[PATCH 1/2] cgroup: no need to check css refs for release notification

public inbox for linux-kernel@vger.kernel.org
 help / color / mirror / Atom feed

* [PATCH 1/2] cgroup: no need to check css refs for release notification
@ 2013-03-01  7:06 Li Zefan
  2013-03-01  7:06 ` [PATCH 2/2] cgroup: avoid accessing modular cgroup subsys structure without locking Li Zefan
  2013-03-04 18:05 ` [PATCH 1/2] cgroup: no need to check css refs for release notification Tejun Heo
  0 siblings, 2 replies; 4+ messages in thread
From: Li Zefan @ 2013-03-01  7:06 UTC (permalink / raw)
  To: Tejun Heo; +Cc: LKML, cgroups

We no longer fail rmdir() when there're still css refs, so we don't
need to check css refs in check_for_release().

This also voids a bug. cgroup_has_css_refs() accesses subsys[i]
without cgroup_mutex, so it can race with cgroup_unload_subsys().

cgroup_has_css_refs()
...
  if (ss == NULL || ss->root != cgrp->root)

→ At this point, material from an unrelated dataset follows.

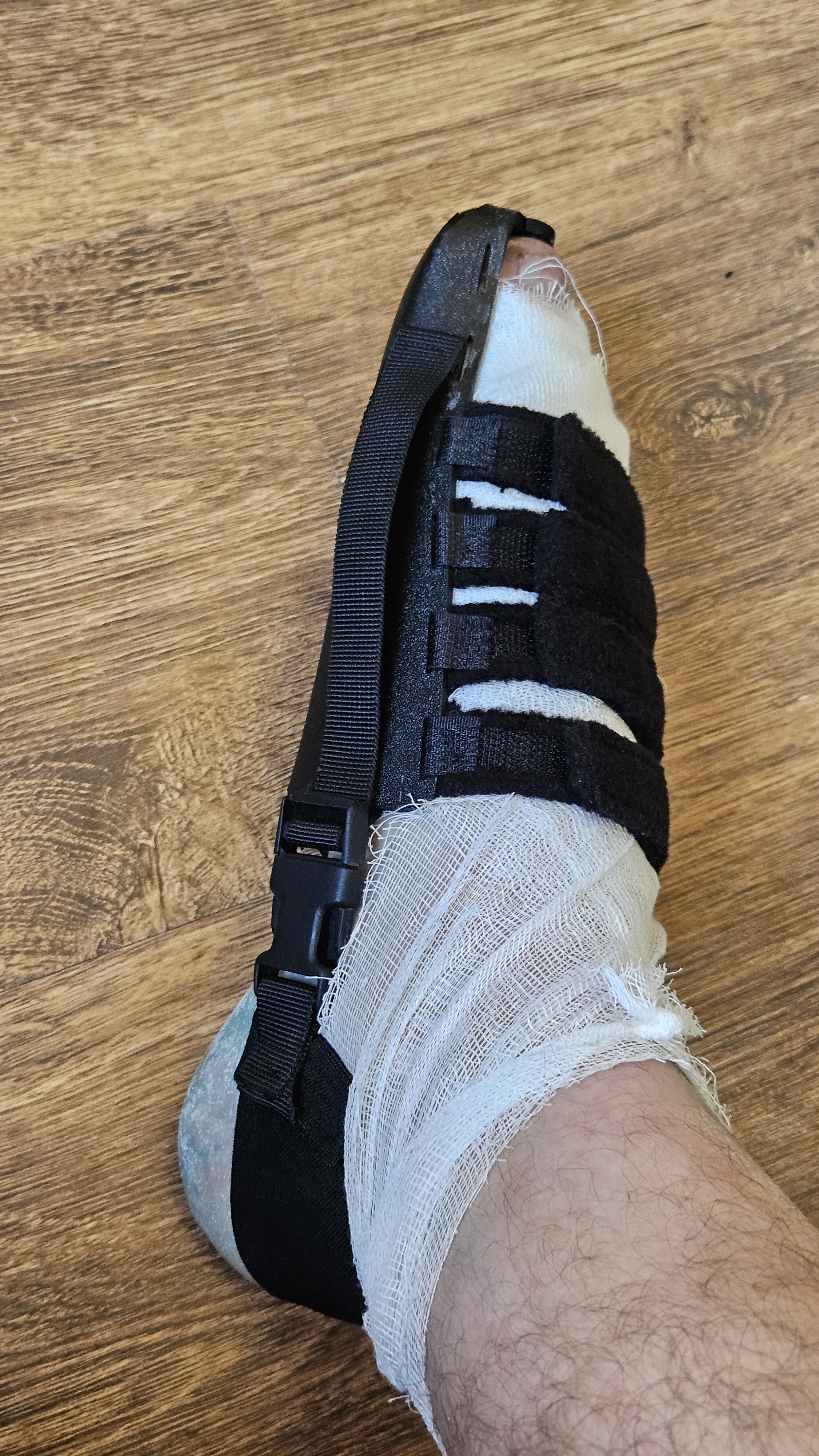 После операции конечность мою заключили в лангету. Для тех, кто не в курсе: формально это «иммобилизация большого пальца», а по факту — блокировка всего голеностопа. Ни согнуть, ни повернуть. Любой, кто носил гипс, знает эту гамму непередаваемых ощущений: тяжесть, жара, невыносимый зуд. А к вечеру, когда нога отекает, бинты начинают работать удавкой.

if ss pointers to net_cls_subsys, and cls_cgroup module is unloaded
right after the former check but before the latter, the memory that
net_cls_subsys resides has become invalid.

Signed-off-by: Li Zefan <lizefan@huawei.com>
---
 kernel/cgroup.c | 67 +++++++--------------------------------------------------
 1 file changed, 8 insertions(+), 59 deletions(-)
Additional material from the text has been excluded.